Gary Baseman: Mythical Homeland | This solo exhibition extends the narrative inspired by his recent retrospective, Gary Baseman: The Door Is Always Open at the Skirball Cultural Center. Basemen showcases again the motifs of home and nostalgia in creating another breathtaking installation honoring his family's heritage.
Mythical Homeland includes a three dimensional birch tree forest as homage to legacy of his parents. Both resided as partisans in forests, hiding from the Nazis, in the outskirts of Poland during WWII. Hung among over a dozen life-sized trees and on the walls of the gallery will be Baseman's familiar paintings, drawings and photographs of his lively creatures and young girls. This multimedia installation explores the myth of both place and space, while exposing shifting national narratives with regard to Communist, Fascist and Nazi perspectives. Overlaid is the artist's personal narrative. His subjects, then, become loaded with meaning as he creates fantastical, allegorical compositions.
Mercedes Helnwein: The Trouble With Dreams | As is her custom, Helnwein uses bygone decades and the Southern and Midwestern states for inspiration. But with this series she explored more specifically the realm of domestic mysteries, the underbellies of small towns, living room noir, and the dangers of normality.

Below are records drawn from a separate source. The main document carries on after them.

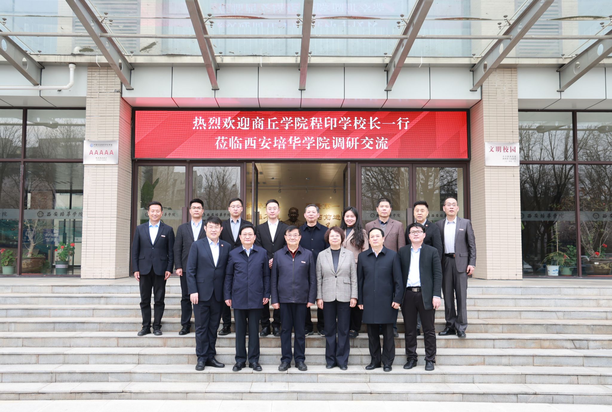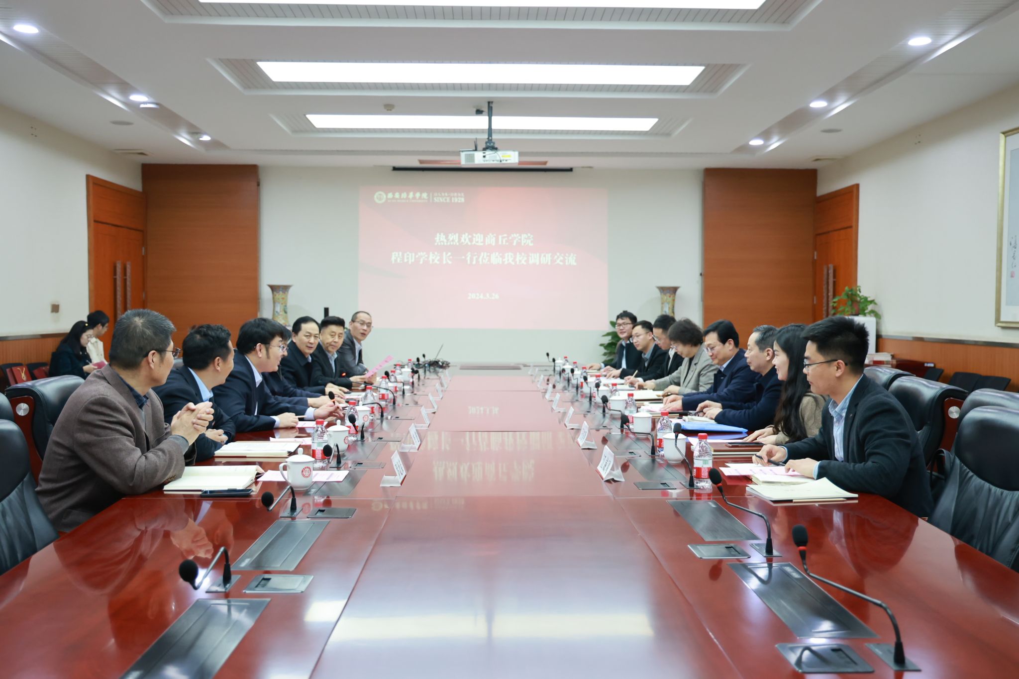 3月26日下午,商丘学院校长程印学一行8人来培华调研交流。学校校长李映方、常务副校长胡俊生、校长助理鲍伟、校办主任李健、发展规划与质量建设中心主任赵巍、人力资源中心主任罗北荣、教务管理中心副主任王琳参加了交流会。
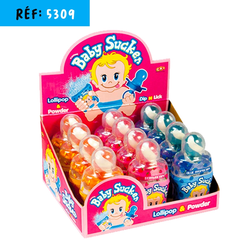 Ingrédients sucettes : sucre, sirop de glucose, arômes, colorants : E100. E120. E133. Ingrédients poudre acidulée : dextrose, acidifiants : acide citrique, acide malique, émulsifiant : E470b, colorants : E100, E120, E133. Valeurs nutritionnelles pour 100g : Energie : 1407.9kJ/336.08Kcal, matières grasses : 0g, dont acides gras saturés : 0g, glucides : 84.5g dont sucres : 68.4g, protéines : 0g, sel : 0g.
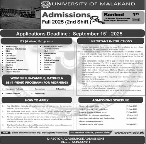 Last date to apply for University Of Malakand UOM Chakdara admission 2025 is 15 September, 2025

Helnwein attacks her stories from various angles and with a number of different media -- her trademark thick black pencil, watercolors, and large-scale oil-pastels. Despite the variety of styles and mediums, all Helnwein's works are united by their obscured or skewed perspectives - leaving the viewer in the dark about what exactly is occurring or why. "I always like the idea of finding a 'twilight zone' in really mundane circumstances or scenes, in a living room where everything apparently seems normal, with its wallpapers and patterned curtains, its claustrophobic nick-nacks and portraits of family members - I can't help thinking that this is a fake front to a far more interesting underbelly," she says.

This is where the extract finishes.